Sendang Ayu adalah sebuah desa yang terletak di kaki Bukit Barisan
sekitar 60 Km dari ibukota Provinsi Lampung atau sekitar 30 Km ke arah
utara dari jalan Tanjungkarang-Kota Agung. Untuk mencapai desa ini bisa
ditempuh dengan bus dari Terminal Rajabasa ke arah Kota Agung. Di
Pringsewu lalu berganti angkutan pedesaan ke arah Padang Ratu untuk
kemudian dilanjutkan naik ojek menyusuri jalan tanah sekitar 25 menit
dari Pasar Poncowarno.

Seluruh penduduk bekerja sebagai petani tadah hujan kecuali beberapa
orang guru SD negeri dan petugas kesehatan. Belum diketahui mengapa desa
ini diberi nama Sendang Ayu, tapi desa ini cukup menarik karena
berkembangnya Muhammadiyah yang membawa pengaruh cukup penting terhadap
dinamika tradisi keberagamaan warga desa tersebut.

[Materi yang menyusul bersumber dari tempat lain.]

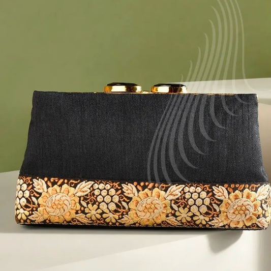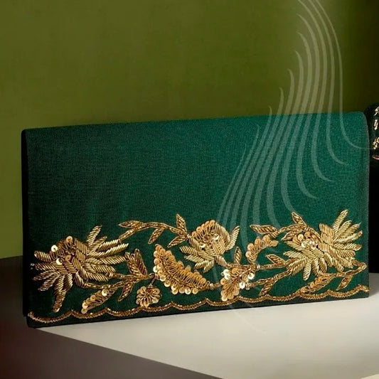 Indian Zardozi features on this bag which has a festive green raw silk backgroundDimensions (HxW,...

Sejarah Muhammadiyah Sendang Ayu dimulai ketika akkhir 1960-an, tepatnya
tahun 1966, seorang muballigh Muhammadiyah dari Jember masuk ke desa ini
sebagai transmigran spontan. Kehadiran Kiai ini ke Sendang Ayu disertai
sekitar 10 santrinya yang semula beguru kepadanya sebelum kiai ini
bertransmigrasi spontan ke Lampung. Di tempat asalnya, di Kecamatan
Wuluhan Kabupaten Jember, kiai ini memang sudah dikenal sebagai salah
seorang tokoh mubablligh Muhammadiyah.

Bersama beberapa tokoh yang lebih dahulu menetap di Sendang Ayu, Kiai
Abdul Qasim menggerakkan dakwah dari satu kampung ke kampung lain.
Dakwah Kiai Qasim dan teman-temannya itu terus berkembang melebar ke
Kecamatan Kalirejo, Bangunrejo dan beberapa kecamatan sekitar Padangratu.

Perkembangan Muhammadiyah Sendang Ayu, mungkin di tempat lain, di
masa-masa yang akan segera tiba tampaknya akan ditentukan oleh hasil
pergulatan warga Muhammadiyah setempat dengan muballigh-muballigh tamu
dengan banyak pesan politik tersebut. Sementara tidak cukup tersedia
muballigh setempat yang menguasai kitab klasik ketika tokoh lama
meninggal dunia, mereka mudah goyah oleh kefasihan lafal kitab sang
muballigh tamu yang mengobral dalil membungkus kepentingan politiknya.
Ketiadaan tuntunan politik yang jelas dan aplikabel dari Muhammadiyah
akan mudah menyeret warga di pelosok desa itu pada konflik yang
melibatkan tradisi ritual tanpa hasil sepadan, bagaikan berebut tulang
tanpa daging.

Tampaknya Ranting Sendang Ayu dan Sendangayu-Sendangayu lainnya sedang
bergulat dengan politik berbungkus kitab. Pertentangan tiada akhir bisa
membuat desa miskin itu tidak memiliki waktu untuk membenahi nasib
sosial dan ekonominya yang semakin sulit oleh kebijakan pemerintah yang
tidak memihak petani. Alih-alih pengukuhan “ideologi” dan penegasan
pemberdayaan warga petani, tradisi pengajian bisa berubah menjadi ajang
penggalangan ambisi kekuasaan penuh konflik dan sarat kepentingan elite
lokal.

Inovasi kreatif tokoh lama yang berhasil menggerakkan berbagai aksi
ritual produktif (wakaf kelapa, tanam-tumbuh dan ritual produktif
lainya) bisa berhenti bahkan berbalik penghujatan sang tokoh yang tidur
damai di alam kubur. Tradisi pengajian yang semula dilakukan untuk
memperkaya ilmu dan kearifan bisa berubah fungsi menjadi ajang debat
tentang sesuatu yang tak jelas yang jauh dari keseharian hidup petani.
Akankah rezim PP Muhammadiyah yang konon lebih memiliki komitmen pada
tradisi Islam salafi ini tinggal diam?